U.S. District Judge Myron Thompson on Tuesday issued a preliminary injunction blocking Alabama from enforcing the law, which would have called for a sentence of 10 years to life in prison for the abortion provider.

Alabama legislators approved the measure this year, hoping to mount a court challenge to abortion rights. Abortion providers sued to stop the law from going into effect next month.

REACTION

Alabama Gov. Kay Ivey:

“This legislation passed with overwhelming support in the Alabama Legislature and was signed into law as a testament to Alabamians’ longstanding belief that every human life is sacred. We must continue doing all we can to protect life. However, we also anticipated this challenge, and I support the rule of law. I am fully behind the Attorney General’s handling of this case and trust that he will do everything he can to challenge today’s ruling and obtain a just result. Alabamians support life, and that is what this legislation was originally intended to do, and that is to defend every human life.”
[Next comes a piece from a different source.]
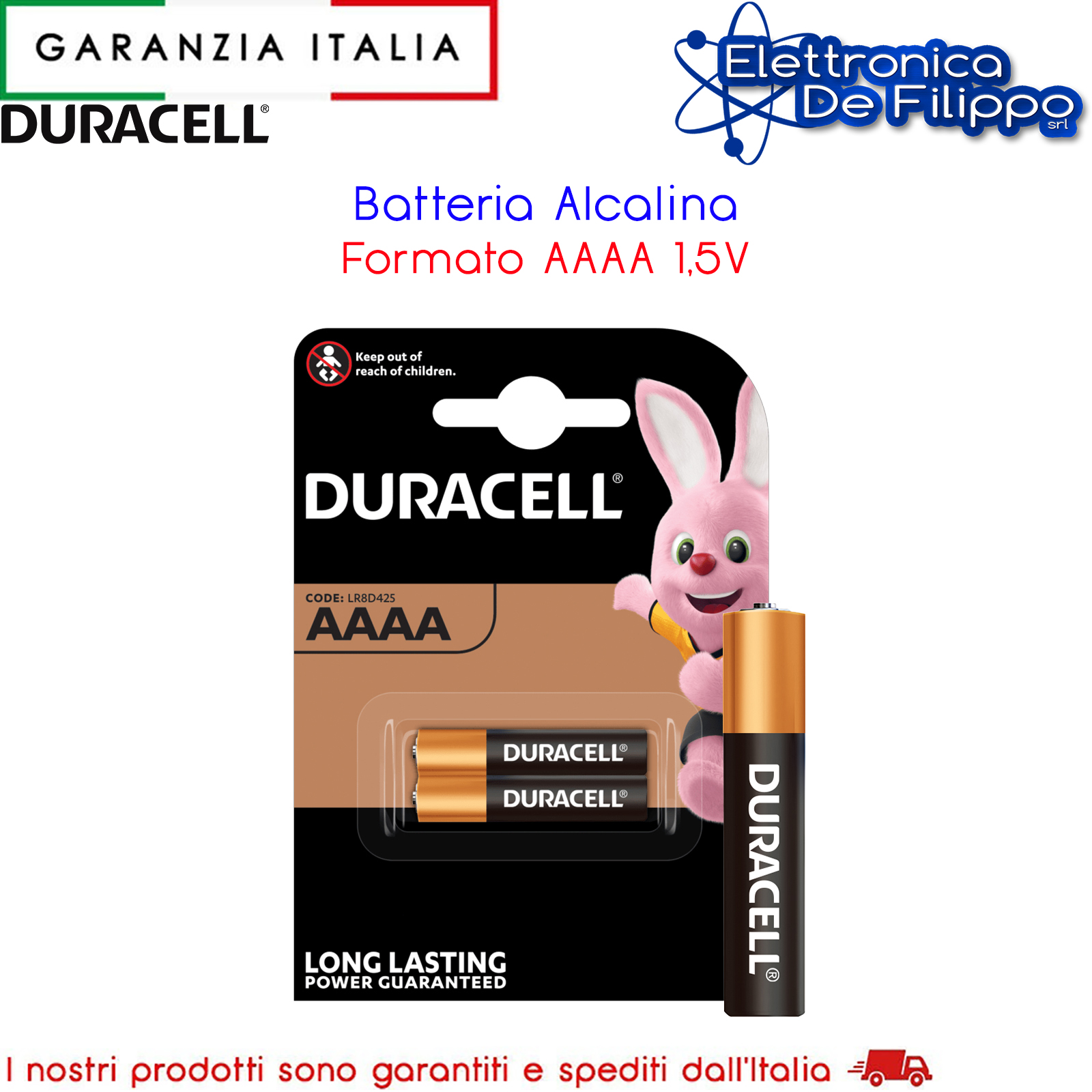 Batterie Duracell Specialistiche alcaline AAAA - energia a lunga durata, garantita Garanzia di durata fino a 5 anni se correttamente conservate nella confezione

Alabama AG Steve Marshall:

“The district court’s decision to grant the plaintiffs’ request for a preliminary injunction of Alabama’s 2019 abortion law as to pre-viability abortions was not unexpected. As we have stated before, the State’s objective is to advance our case to the U.S. Supreme Court where we intend to submit evidence that supports our argument that Roe and Casey were wrongly decided and that the Constitution does not prohibit states from protecting unborn children from abortion.”

ACLU Executive Director Randall Marshall:

“As expected, the court has blocked the law and it will not go into effect. Abortion remains legal in Alabama. The state’s repeated attempts to push abortion out of reach by enacting unconstitutional laws restricting abortions have already cost taxpayers nearly 2.5 million dollars. This ill-advised law will cost taxpayers more money.”